There is a IO pause & performance impact when backups & snapshots are taken in a single AZ deployment. In multi AZ deployments the operation is performed from standby instances.

Snapshot

  • First Snap is FULL size of consumed data then it is incremental
  • Snapshots don't expire (Even when RDS instance is deleted)

Automated Backups

  • Occur once per day
  • First backup is FULL size then it is incremental
  • Transaction logs are also written to S3 every 5 minutes
  • Backups are automatically cleared by AWS. This can be configured from 0-35 days (0 means disabled, maximum is 35 days)
  • When deleting database automated backups can be retained but they still expire based on based on the retention period settings.

Cross-Region backups

  • RDS can replicate backups(both snapshots & transaction logs) to another region
  • Charges apply for cross-region data copy & storage used in the destination region
  • NOT DEFAULT: Cross-Region backups must be configured in automated backups

Restores

  • Creates a new RDS instance when you restore a automated backup or snapshot - NEW DNS Address
  • Restoring a manual SNAPSHOT means restoring in a single point in time (snapshot creating time)
  • Restoring a automated backup means restoring any 5 minute point in time
  • Backups are restored & transcations logs are replayed to bring DB to desired point in time (provides a low RPO)
  • Restoring aren't fast - Long RTO for a large database

Read Replica

  • Read only replicas of an RDS instance.
  • Read Replicas are not part of the main database.

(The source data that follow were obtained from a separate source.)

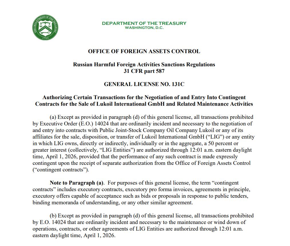 Prelungirea anunțată astăzi de Departamentul Trezoreriei SUA este a patra extindere a termenului-limită stabilit de autoritățile americane pentru vânzarea activelor internaționale ale grupului Lukoil. Potrivit anunțului făcut de Oficiul pentru Controlul Activelor Străine (OFAC), noul termen a fost fixat pentru data de 1 aprilie, fiind extins de la scadența anterioară, 28 februarie.
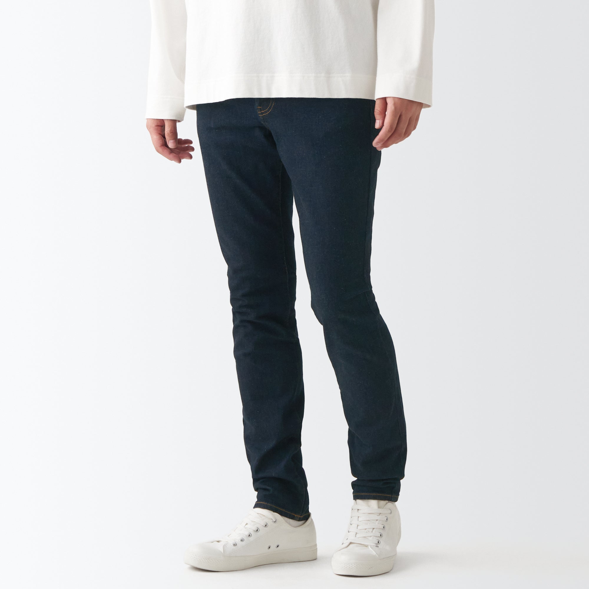 The Skinny Fit perfectly follows the shape line of your legs by using high elastic fabric. Designed with a thinner hem. and focusing on the silhouette. this is a timeless denim for everyday wear. Available in 2 colors. dark navy and black. that are easy to mix and match.
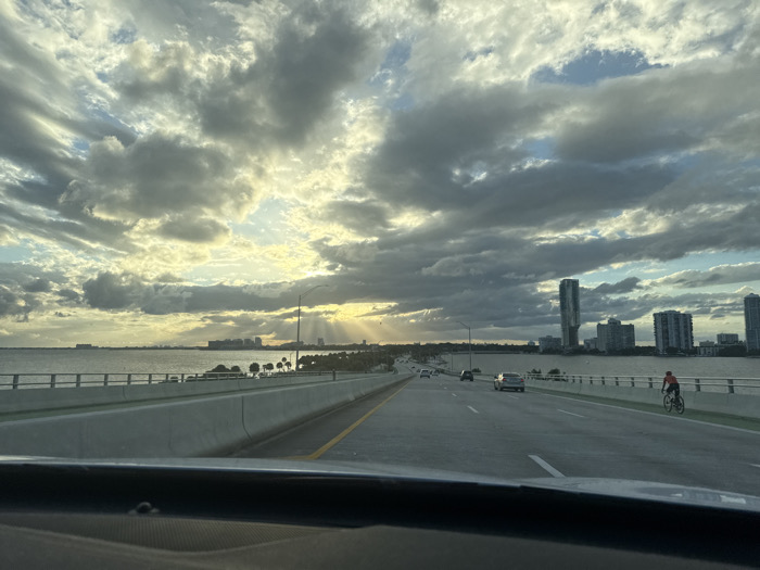 The image depicts a westbound view from inside a vehicle on the Rickenbacker Causeway in Miami, Florida, United States, overlooking Biscayne Bay towards the Miami mainland, specifically the Brickell/Downtown skyline. The scene is illuminated by a low sun, possibly setting, positioned towards the west-southwest and partially obscured by a dramatic, heavily clouded sky, producing distinct crepuscular rays. In the foreground, the dashboard of a vehicle is visible. The roadway features multiple lanes of asphalt, marked with white dashed lines and a double yellow line. Several passenger vehicles, including sedans and SUVs, are observed traveling in the same westbound direction on the causeway. To the immediate right of the main vehicular lanes, a concrete barrier separates the road from a dedicated path. On this path, a single individual wearing a red shirt and dark pants is riding a bicycle westbound. Beyond the path, another concrete barrier separates it from the water. The midground features the expansive waters of Biscayne Bay. Along the immediate shoreline on the right, a narrow strip of land with sparse palm trees is visible. In the background, across the bay, the urban skyline of Miami's Brickell/Downtown district is clearly identifiable, characterized by numerous high-rise buildings, including one particularly tall, slender skyscraper. Streetlights are positioned along the causeway. The overall lighting suggests either late afternoon or early morning due to the low angle of the sun and the interplay of light and shadow created by the dense cloud cover.

They have seperate endpoint address
  • Kept in sync using asynchronous replication so reads are eventually consistent
  • Replicas can exist in same region as primary or in other region (Cross region read replicas)
  • Can create up to 5 Read Replicas per database instance
  • Read Replicas can have their own read-Replicas - but lag starts to be a problem
  • Read replicas provide gloabl performance improvements for reads - great for global availablility improvement & resilience
  • Read Replicas offer near 0 RPO
  • Replicas can be promoted quickly to their own DB - low RTO (Replicas are read only until promoted)
  • Should be used for Failure only because data corruption would affect the reader instance as well.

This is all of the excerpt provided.